● YOUR INSTRUCTIONS: Within the records that follow, restate exactly the lines from the line with "Шило канцелярское, большое." down to the line with "2016年4月14日下午4:30,在学校", including both. Omit the pictures.
BEGIN GIVEN DATA
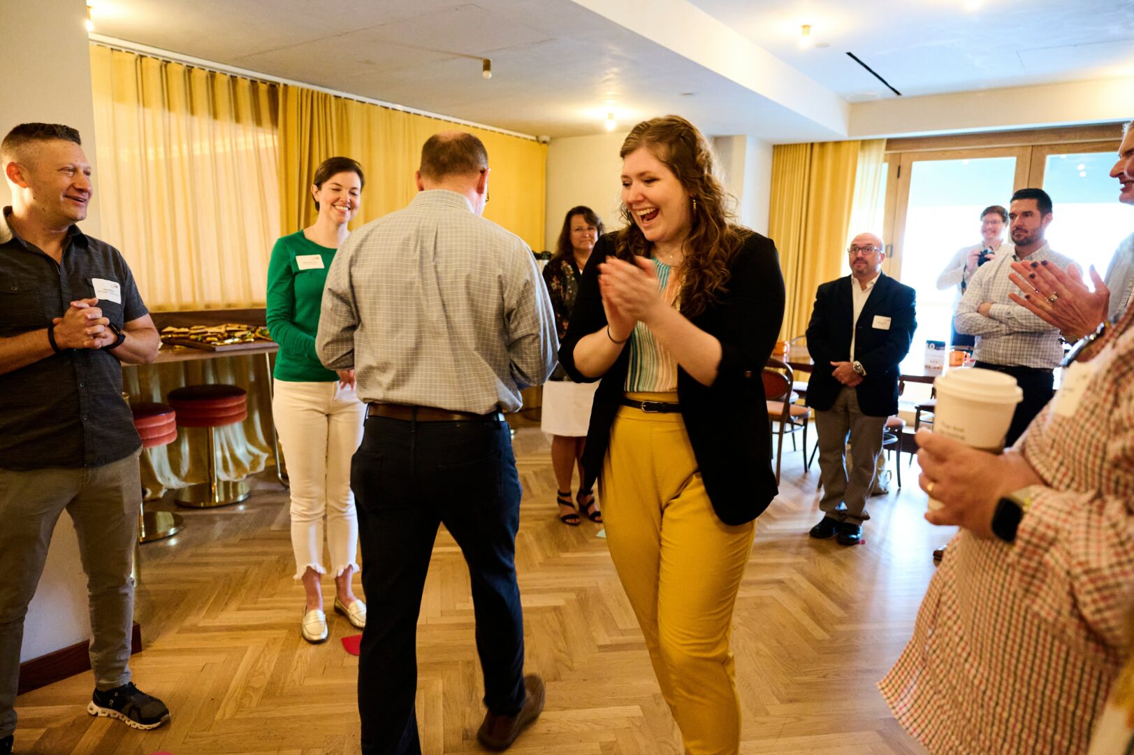 Corporate Workshop (Yellow pants photo) is Darryl Bradshaw
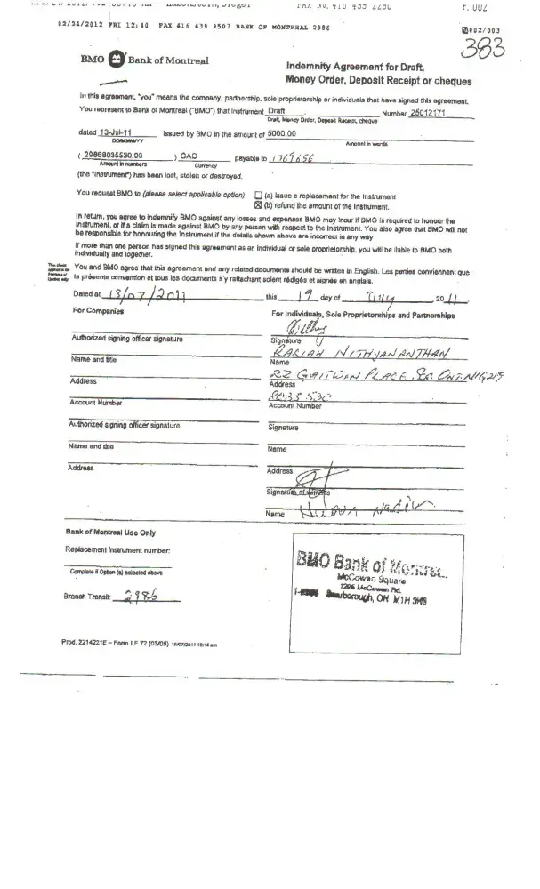Rasiah Nithiyanathan (Yamunakumari Nithiyanatahn's husband) has stolen a bank draft from BMO in the amount of $5, 000.00 on July 13, 2011 and made a payment to the Lender. It has been returned, then BMO terminated an employee who helped him to get this bank draft, these people all ways trying to steal something .
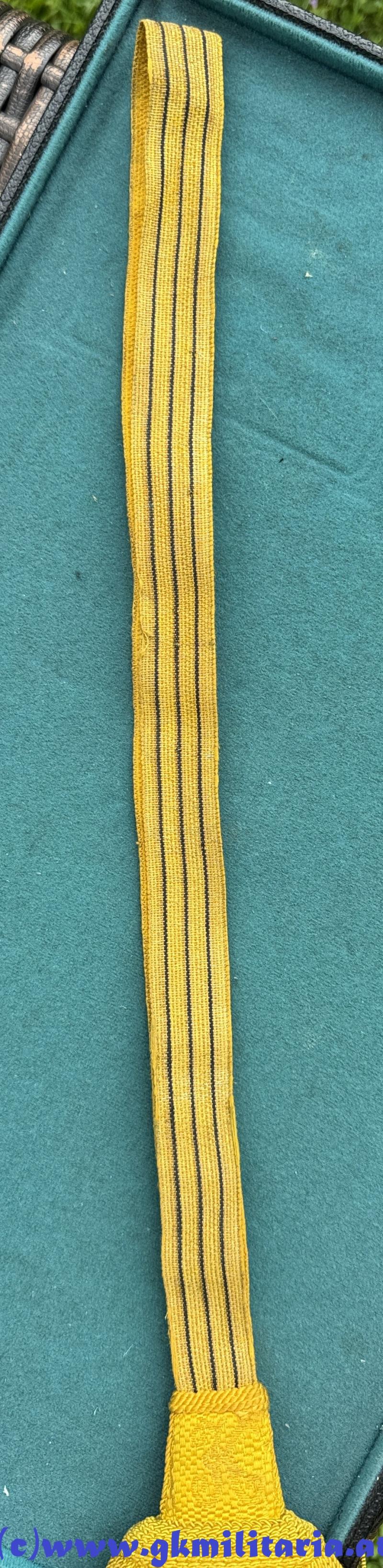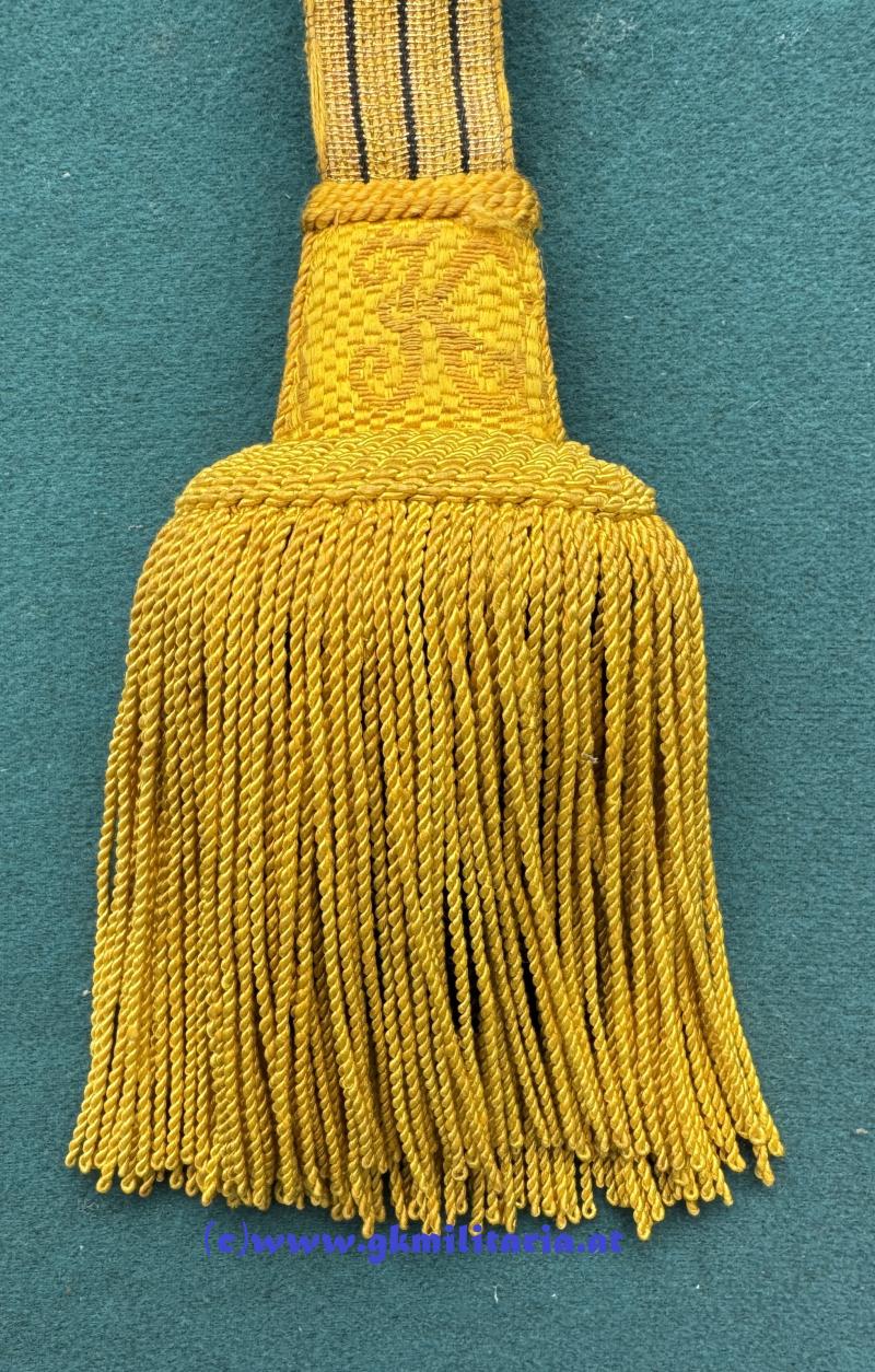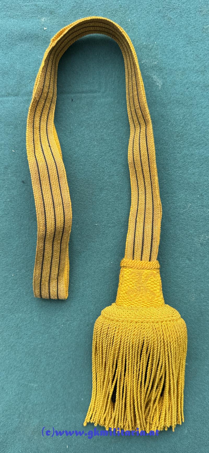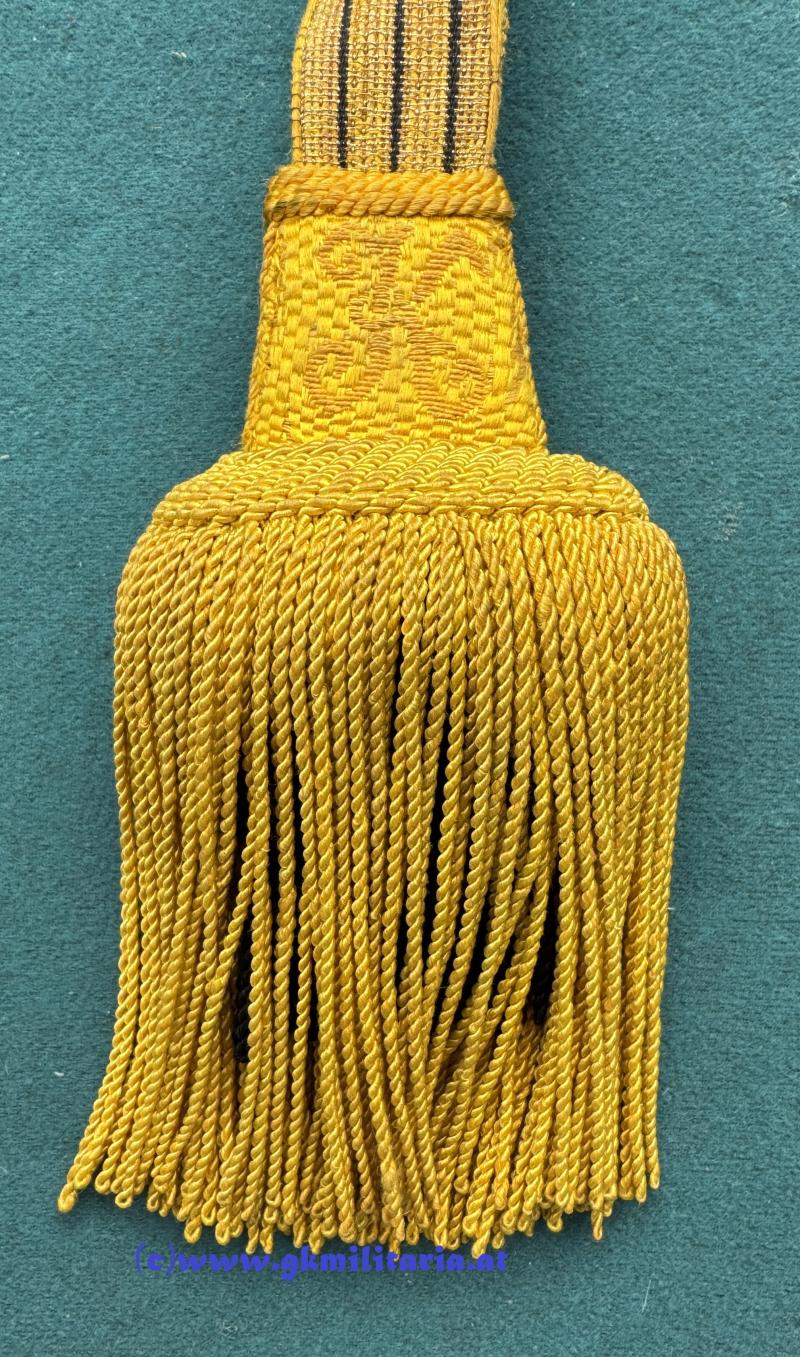 k.u.k. Portepee Säbel Kaiser Karl I. ! - für höhere Unteroffiziere - Band mit 3 schwarzen Durchzügen - beidseitig aller höchster Namenszug "K" für Kaiser Karl I. - Fransen aus kaisergelber und schwarzer Wolle - sehr guter Zustand!
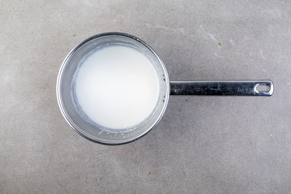 Die restliche Kokosmilch in einem kleinen Topf mit 1TL Zucker und 1 Prise Salz aufkochen und 2–3Min. etwas dicklich einkochen lassen. Die Sauce nach Geschmack mit 1EL Limettensaft und ggf. mehr Zucker verfeinern.
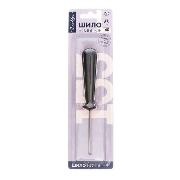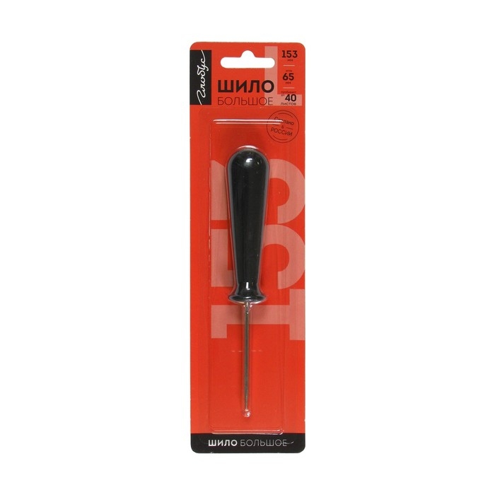 Шило канцелярское, большое. Длина острия — 70 мм. Диаметр острия — 3 мм. Удобная пластиковая ручка. Предназначено для прокалывания бумаги. Обеспечивает прокалывание не менее 40 листов бумаги одновременно. Упаковка — блистер, европодвес..
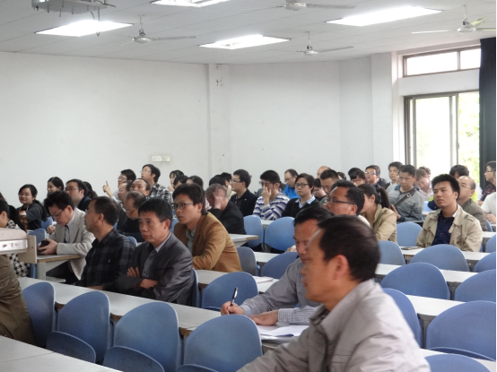 2016年4月14日下午4:30,在学校9-402室,ok138cn太阳集团与计算机学院、数理学院全体教职员工一起,参加了理论学习辅导课。辅导报告由计算机学院党委书记肖基毅教授主持,由南华大学高等教育研究所副所长彭如恕教授主讲。
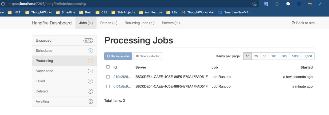namespace HelloHangfire;public interface IJob{ public Task<bool> RunJob();}Job.cs
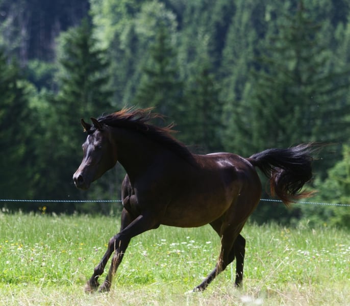 Étant donné que nous passons à une monte exclusivement en étalons noirs, c'est avec le cœur lourd que nous vendons nos jolis poulinières colorées. Notre BP Es’mee est vraiment exceptionnelle, elle se distingue par son tempérament affectueux... on pourrait presque dire qu’elle a une touche de trop de tendresse, elle est calme, curieuse et ouverte à tout, c’est ainsi que l’on la décrirait. Elle a une conformation très correcte, avec une origine intéressante : GG Scherapee d’Europe Al Khidar x Primus S (noire homozygote). Si vous êtes intéressé, n’hésitez pas à demander plus d’informations, je peux vous répondre volontiers par WhatsApp, car nous sommes en pleine montagne avec une mauvaise réception téléphonique. Un transport est envisageable.
END GIVEN DATA
● YOUR SOLUTION:
 Шило канцелярское, большое. Длина острия — 70 мм. Диаметр острия — 3 мм. Удобная пластиковая ручка. Предназначено для прокалывания бумаги. Обеспечивает прокалывание не менее 40 листов бумаги одновременно. Упаковка — блистер, европодвес..
 2016年4月14日下午4:30,在学校9-402室,ok138cn太阳集团与计算机学院、数理学院全体教职员工一起,参加了理论学习辅导课。辅导报告由计算机学院党委书记肖基毅教授主持,由南华大学高等教育研究所副所长彭如恕教授主讲。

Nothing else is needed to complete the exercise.